# Shortest Common Supersequence via LCS in C

In my Shortest Common Supersequence post I gave a dynamic programming algorithm that computes the SCS in a manner very similar to the Longest Common Subsequence algorithm. Another way of computing the SCS is to find the LCS first, and then insert into it those characters from the two strings that are not in the LCS.

As an example, given the two strings “pAqBrCs”, and “wAxByCz”, their LCS is “ABC”, and we can form their SCS by inserting the remaining characters from each string into it in the correct order. One such SCS would be “pwAqxBryCsz”, but there are several possibilities because it doesn’t matter whether we insert the characters from the first string first or the second string at any point, as long as we add them in the order they occur in that string.

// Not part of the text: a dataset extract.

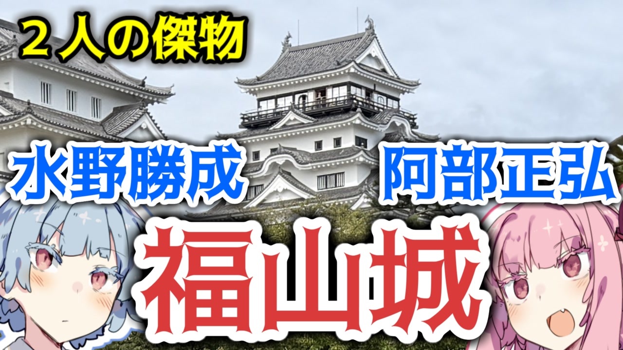2025年の旅行は広島。<br>まずは福山城からです。<br>相変わらずお城動画か歴史動画かは不明です。<br>密かに4k化しましたがニコニコではHD。。。<br><素材><br>BGM:甘茶の音楽工房 さま<br><a href="https://amachamusic.chagasi.com/" target="_blank" rel="noopener nofollow">https://amachamusic.chagasi.com/</a><br>立ち絵:からい さま<br><a href="https://seiga.nicovideo.jp/seiga/im7847458" target="_blank" rel="noopener nofollow">https://seiga.nicovideo.jp/seiga/im7847458</a><br>地図:OpenStreetMap さま<br><a href="https://openstreetmap.jp/" target="_blank" rel="noopener nofollow">https://openstreetmap.jp/</a><br><br><参考><br>ウィキペディア<br><a href="https://ja.wikipedia.org/" target="_blank" rel="noopener nofollow">https://ja.wikipedia.org/</a><br>…などなど<br><br><読み上げ><br>A.I.VOICE2:琴葉茜、琴葉葵<br><br><Youtube><br><a href="https://youtu.be/dJsj3DvBVKo" target="_blank" rel="noopener nofollow">https://youtu.be/dJsj3DvBVKo</a><br><X><br><a href="https://x.com/zushimi4321" target="_blank" rel="noopener nofollow">https://x.com/zushimi4321</a><br><br><撮影日><br>2025/9/24

The algorithm just needs to scan the two strings, adding the characters not in the LCS while keeping track of where the LCS characters are, and making sure they are only added once. This is how it looks in C:

#include <string.h>
#include <stdlib.h>

char *shortest_common_supersequence_by_lcs(const char *str1, const char *str2)
{
char *lcs = longest_common_subsequence(str1, str2);
const size_t lcs_len = strlen(lcs);
const size_t scs_len = lcs_len + (strlen(str1) - lcs_len) + (strlen(str2) - lcs_len);
char *scs = malloc(scs_len + 1);
unsigned int lcs_pos = 0, str1_pos = 0, str2_pos = 0, scs_pos = 0;

/* Add the characters up to the last LCS character */
while (lcs_pos < lcs_len) {
while (str1[str1_pos] != lcs[lcs_pos]) {
scs[scs_pos++] = str1[str1_pos++];
}
while (str2[str2_pos] != lcs[lcs_pos]) {
scs[scs_pos++] = str2[str2_pos++];
}
scs[scs_pos++] = lcs[lcs_pos++];
str1_pos++;
str2_pos++;
}
/* Add the characters after the LCS */
while (str1[str1_pos]) {
scs[scs_pos++] = str1[str1_pos++];
}
while (str2[str2_pos]) {
scs[scs_pos++] = str2[str2_pos++];
}
scs[scs_pos] = '\0';
free(lcs);
return scs;
}


An example program:

#include <stdio.h>
#include <stdlib.h>

int main(void)
{
char a[] = "pAqBrCs";
char b[] = "wAxByCz";
char *scs = shortest_common_supersequence_by_lcs(a, b);
printf("Shortest Common Supersequence is %s\n", scs);
free(scs);
return 0;
}


Output:

Shortest Common Supersequence is pwAqxBryCsz